What's the Carbon Footprint of Bicycling?
Hugh Pickens writes "Brian Palmer writes that although none of the major manufacturers has released data on their energy consumption and how much greenhouse gas making a bicycle requires, Shreya Dave, a graduate student at MIT, recently estimated that manufacturing an average bicycle results in the emission of approximately 530 pounds of greenhouse gases. Therefore, given a 'typical U.S. diet,' you would have to ride your bike instead of driving for around 400 miles to cover the bike's initial carbon footprint. However, calculating the total environmental impact of a mode of transit involves more than just the easy-to-measure metrics like mileage per gallon. Using a life-cycle assessment, Dave concluded that an ordinary sedan's carbon footprint is more than 10 times greater than a conventional bicycle's (PDF) on a mile-for-mile basis, assuming each survives 15 years and you ride the bike 2,000 miles per year. What about other ways to get to work? According to Dave's life-cycle analysis, the only vehicle that comes close to a bicycle is the peak-hour bus — and it's not really that close. A fully loaded bus is responsible for 2.6 times the carbon emissions total of a bicycle per passenger mile while off-peak buses account for more than 20 times as many greenhouse gases as a bicycle. What about the carbon footprint of walking? 'Walking is not zero emission because we need food energy to move ourselves from place to place,' says environmentalist Chris Goodall. 'Food production creates carbon emissions.'"

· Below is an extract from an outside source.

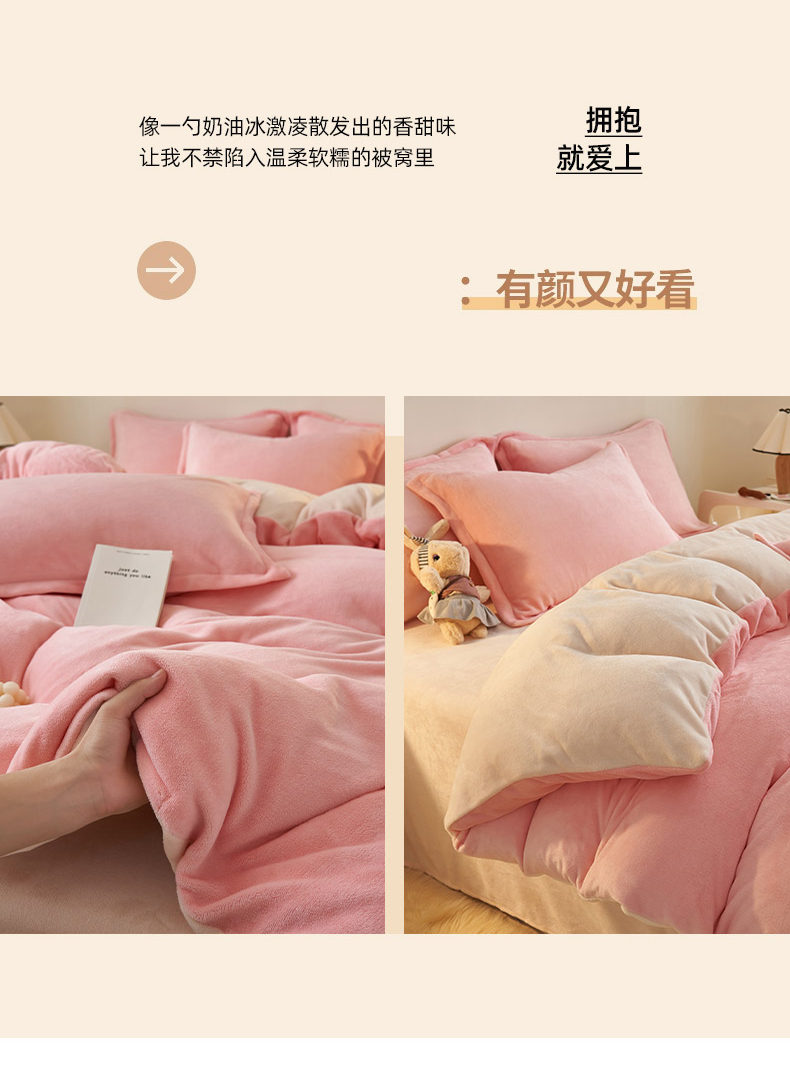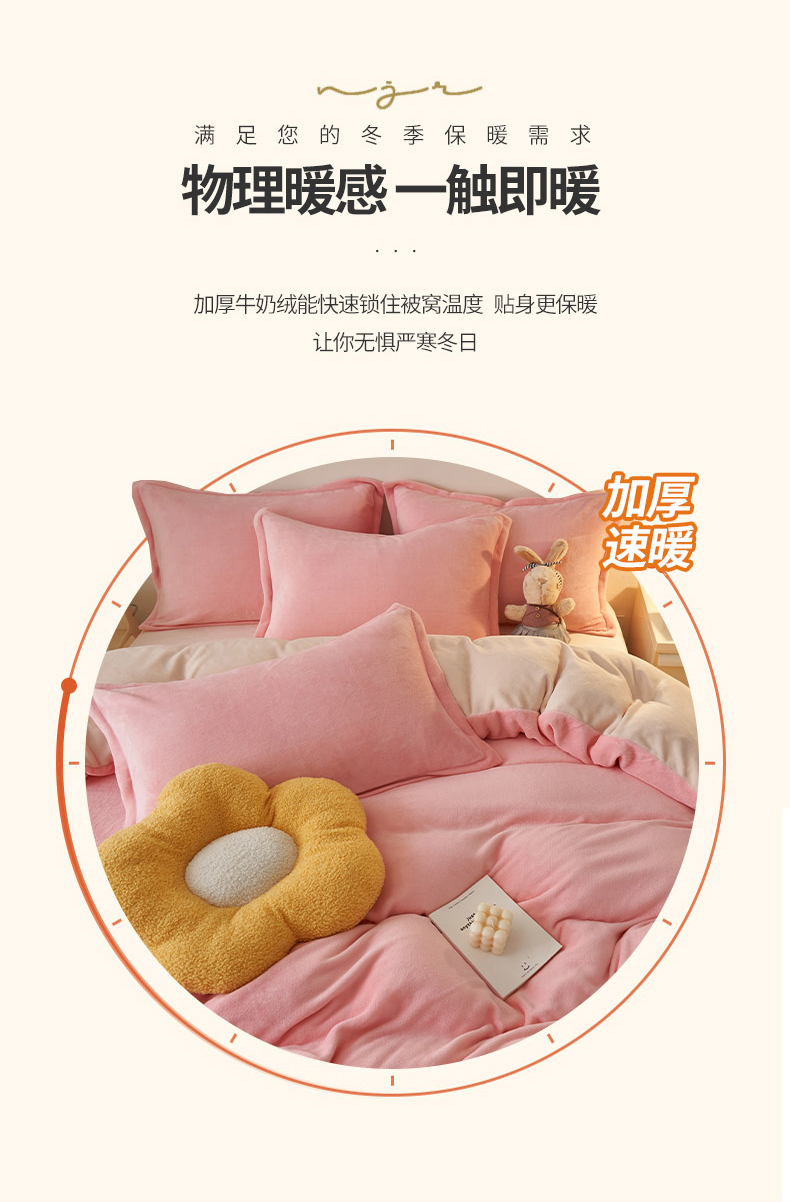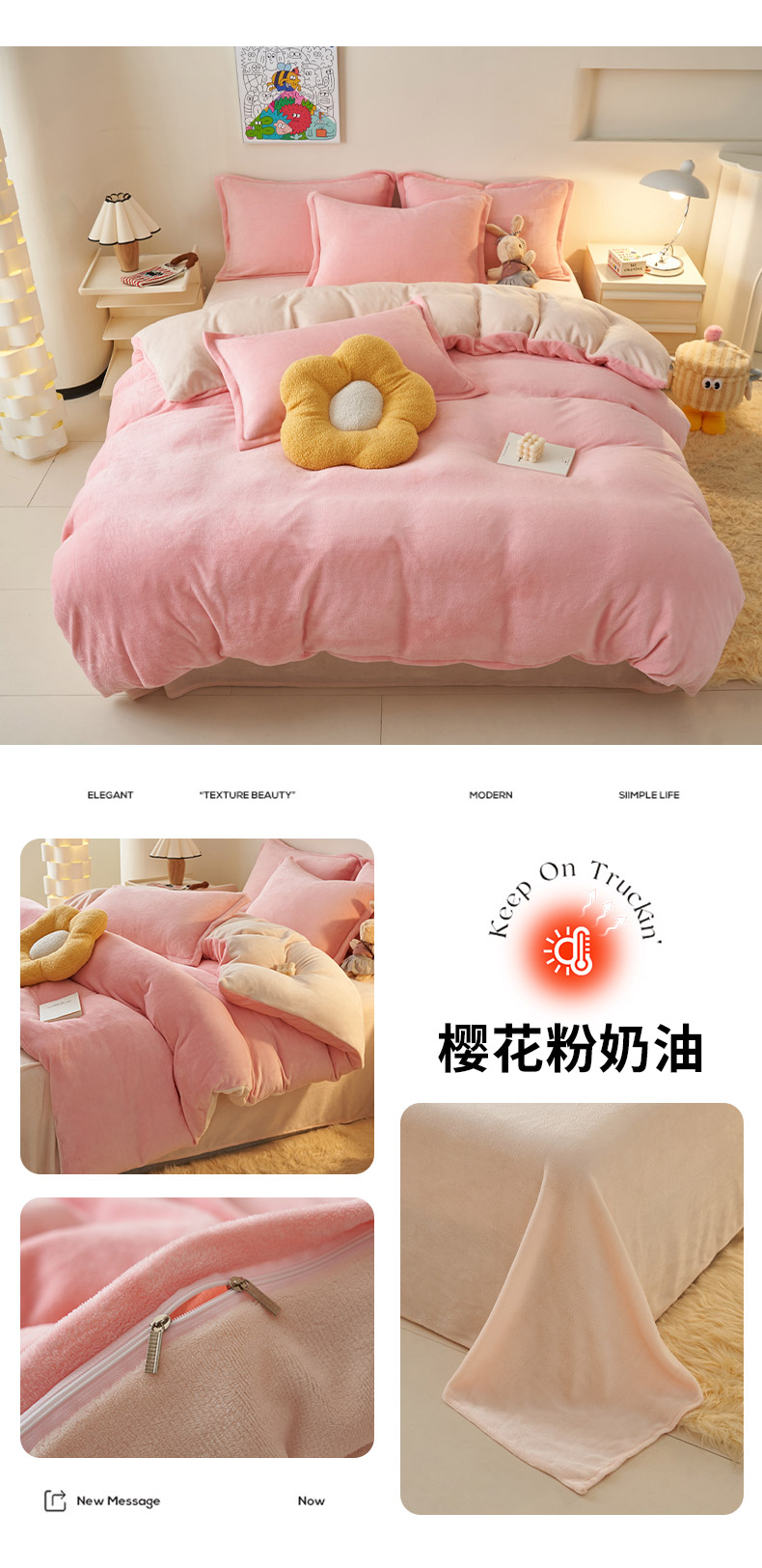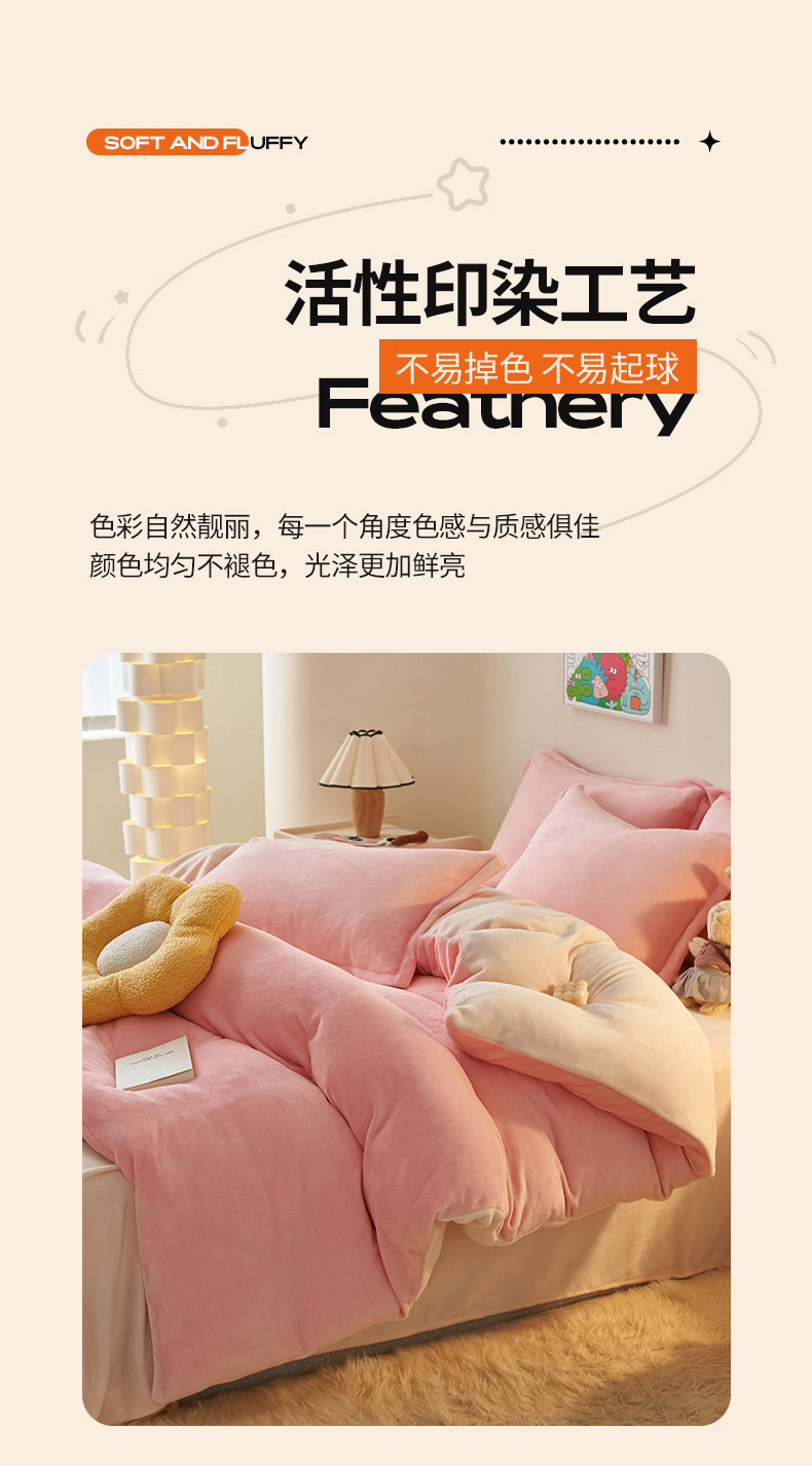 (总)2025新款多巴胺小红书纯色牛奶绒四件套牛奶绒被套跨境定制-风格二

The sad thing about the whole green movement is how it is so directed at private individuals, who are supposed to massively inconvenience themselves by buying green cars and bicycling and recycling and buying green clothes and green food and using CFL's (god those are ugly) and use all of there disposable income to help Mother Earth! But in reality it's the corporations who are telling us we should be green, while corporations are responsible for 95% of all carbon emissions. Yes, 95%. If every person in the world stopped using their car, it would make virtually no difference to carbon emissions. The biggest single source is industry and energy generation, which accounts for the lions share.
This is true world wide and in developed nations (US http://www.epa.gov/climatechange/emissions/co2_human.html).
However in developing nations industry is even worse.